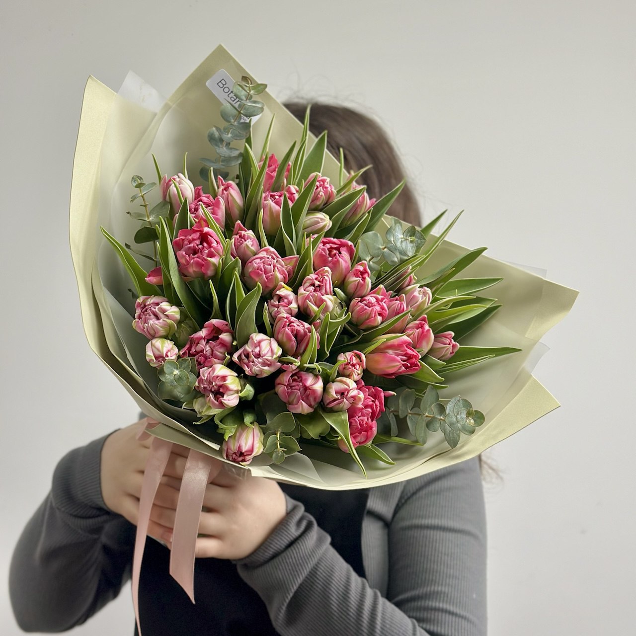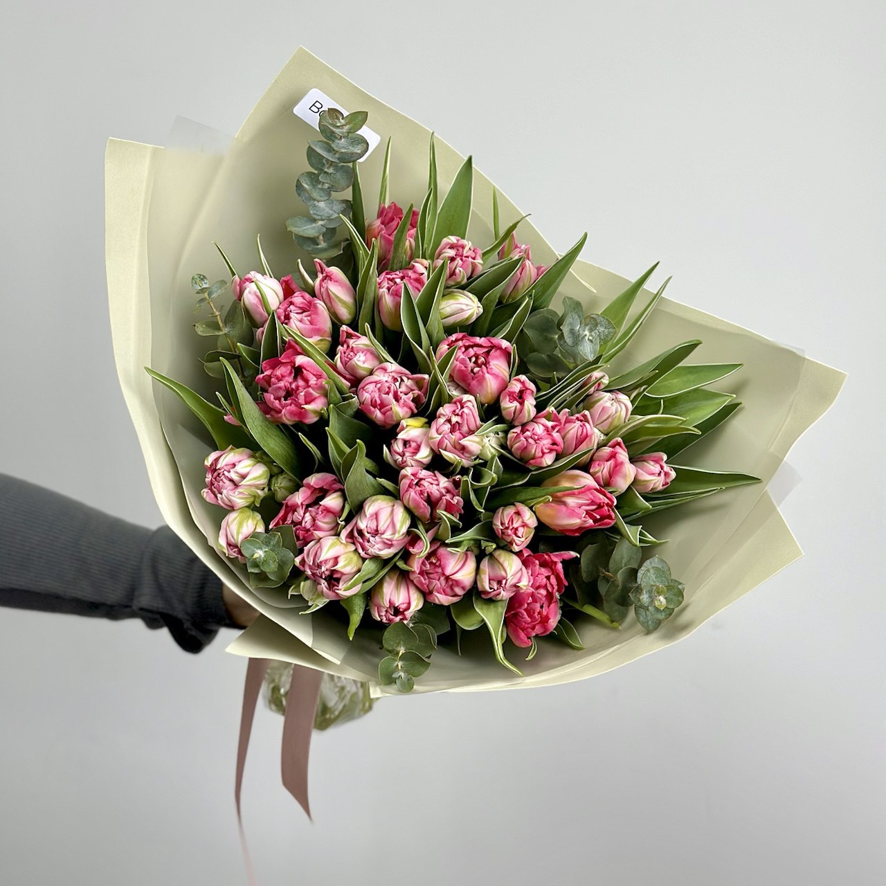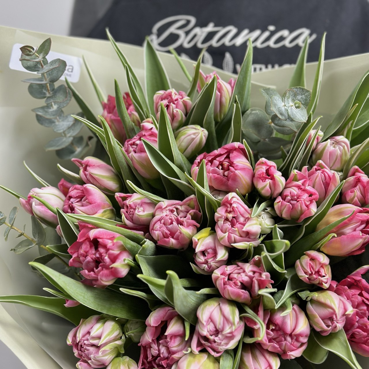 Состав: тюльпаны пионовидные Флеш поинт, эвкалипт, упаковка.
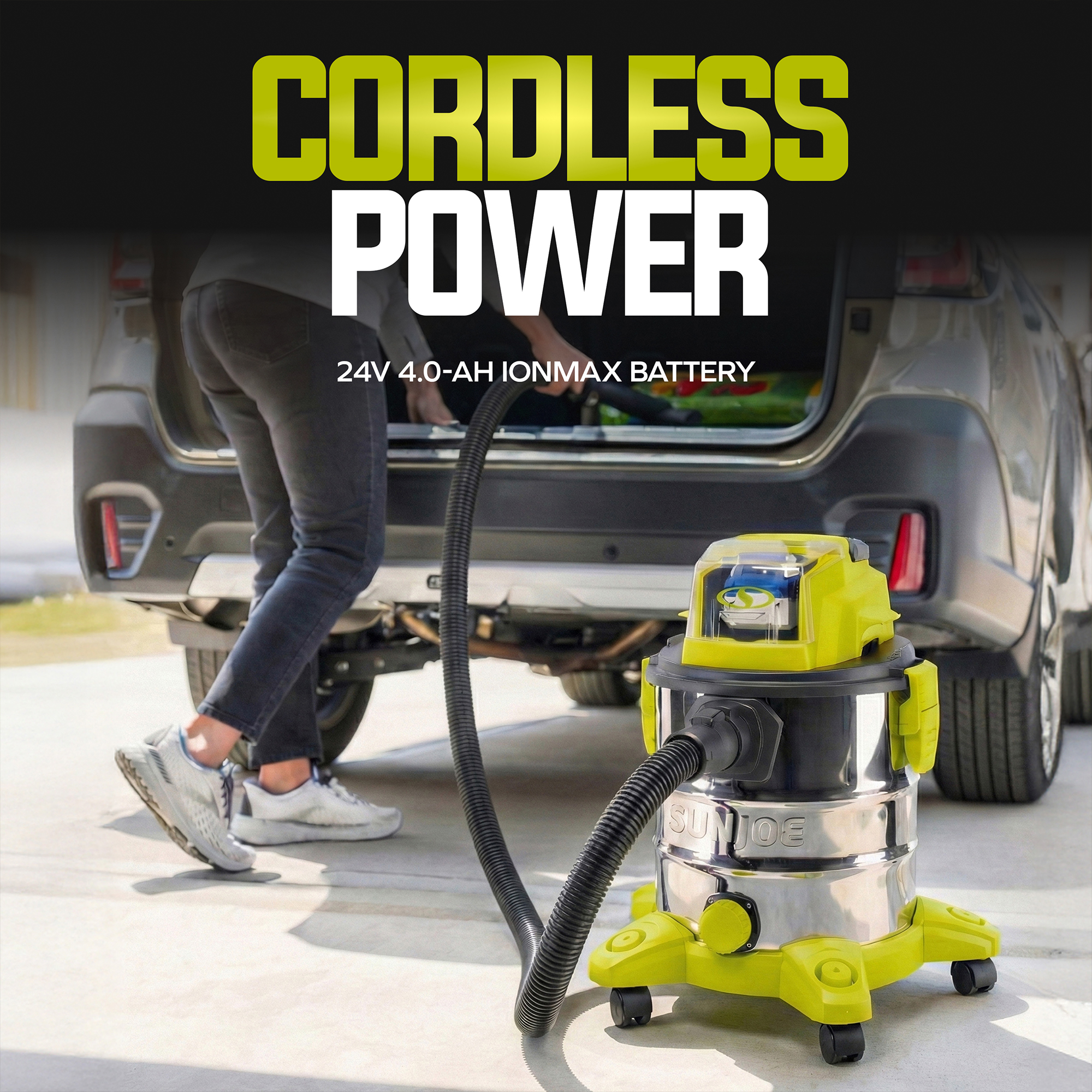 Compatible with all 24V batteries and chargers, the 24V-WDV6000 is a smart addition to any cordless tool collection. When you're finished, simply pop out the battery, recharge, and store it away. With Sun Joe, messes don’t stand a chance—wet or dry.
◇ ◇ ◇ ◇ ◇ ◇ ◇
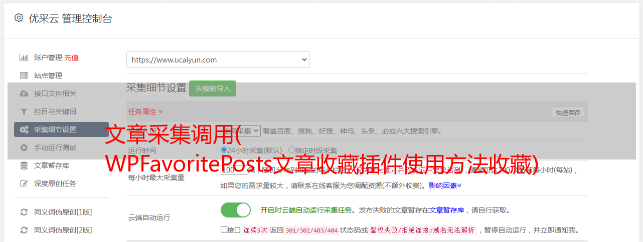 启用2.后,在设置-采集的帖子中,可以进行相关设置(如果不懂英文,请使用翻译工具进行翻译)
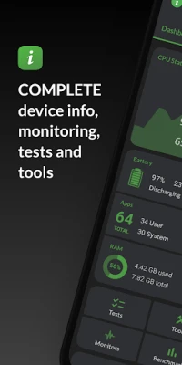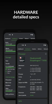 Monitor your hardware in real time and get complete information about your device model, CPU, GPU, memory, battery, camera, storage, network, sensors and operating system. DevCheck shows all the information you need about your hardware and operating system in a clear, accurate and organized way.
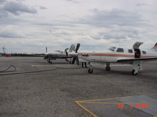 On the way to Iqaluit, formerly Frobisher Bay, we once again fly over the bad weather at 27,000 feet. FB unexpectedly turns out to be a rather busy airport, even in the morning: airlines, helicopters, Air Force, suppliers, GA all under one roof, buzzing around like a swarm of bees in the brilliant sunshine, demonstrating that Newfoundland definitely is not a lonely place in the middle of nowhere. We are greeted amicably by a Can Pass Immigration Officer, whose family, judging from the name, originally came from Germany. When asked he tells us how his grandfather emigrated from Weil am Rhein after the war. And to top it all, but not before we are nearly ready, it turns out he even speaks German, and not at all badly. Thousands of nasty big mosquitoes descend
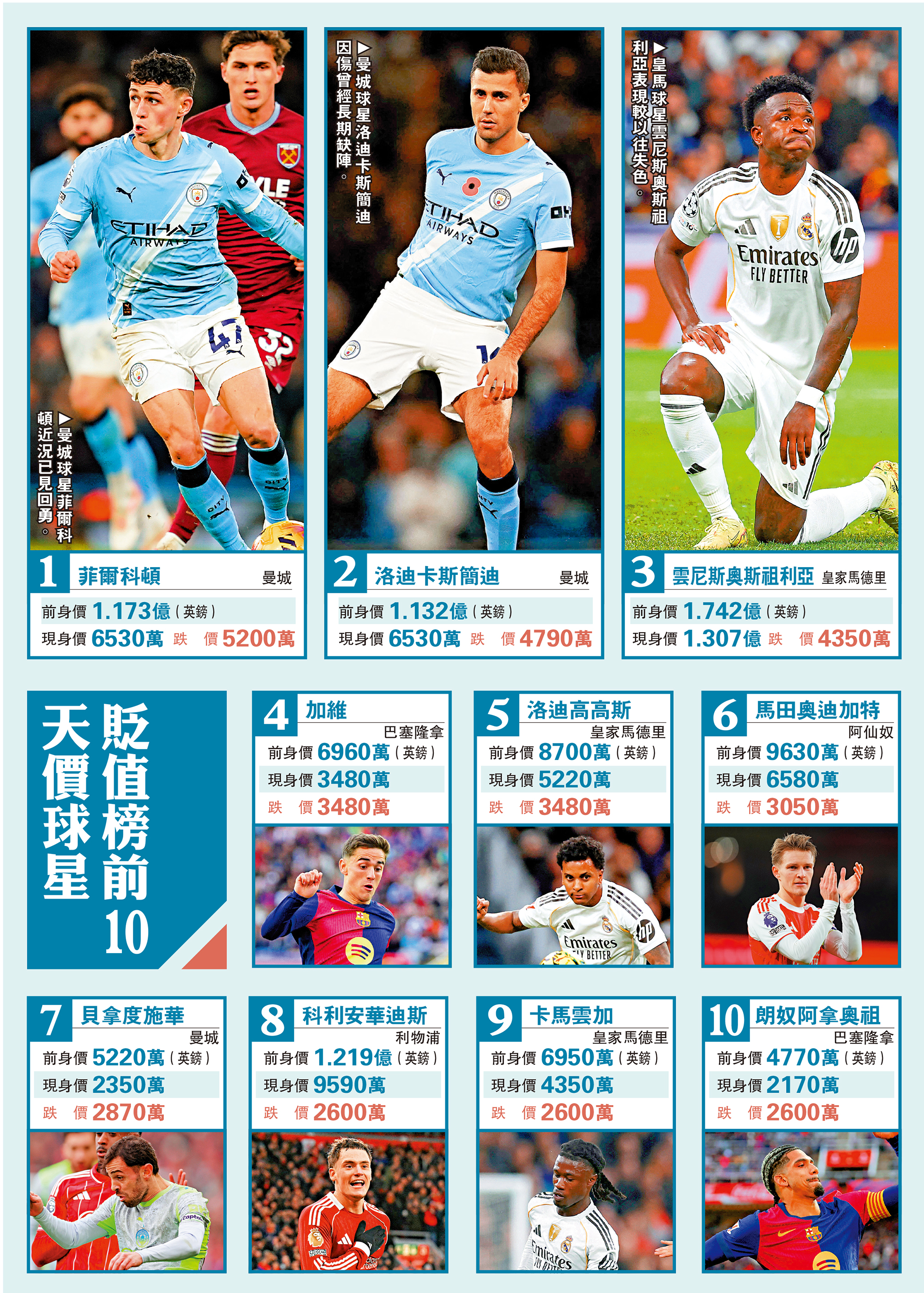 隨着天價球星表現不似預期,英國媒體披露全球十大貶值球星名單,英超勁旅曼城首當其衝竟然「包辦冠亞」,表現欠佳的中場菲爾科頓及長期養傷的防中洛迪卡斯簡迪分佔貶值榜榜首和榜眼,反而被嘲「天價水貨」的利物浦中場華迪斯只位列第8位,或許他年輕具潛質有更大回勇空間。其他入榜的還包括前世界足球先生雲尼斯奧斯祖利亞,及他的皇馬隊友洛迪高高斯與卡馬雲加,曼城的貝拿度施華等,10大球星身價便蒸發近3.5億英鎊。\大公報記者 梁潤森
◇ ◇ ◇ ◇ ◇ ◇ ◇
## TASK DESCRIPTION
Starting with the line that has "Состав: тюльпаны пионовидные" and going on through the line that has "Compatible with all", transcribe the records above exactly, but skip the pictures.

## ANSWER FOR THE TASK
 Состав: тюльпаны пионовидные Флеш поинт, эвкалипт, упаковка.
 Compatible with all 24V batteries and chargers, the 24V-WDV6000 is a smart addition to any cordless tool collection. When you're finished, simply pop out the battery, recharge, and store it away. With Sun Joe, messes don’t stand a chance—wet or dry.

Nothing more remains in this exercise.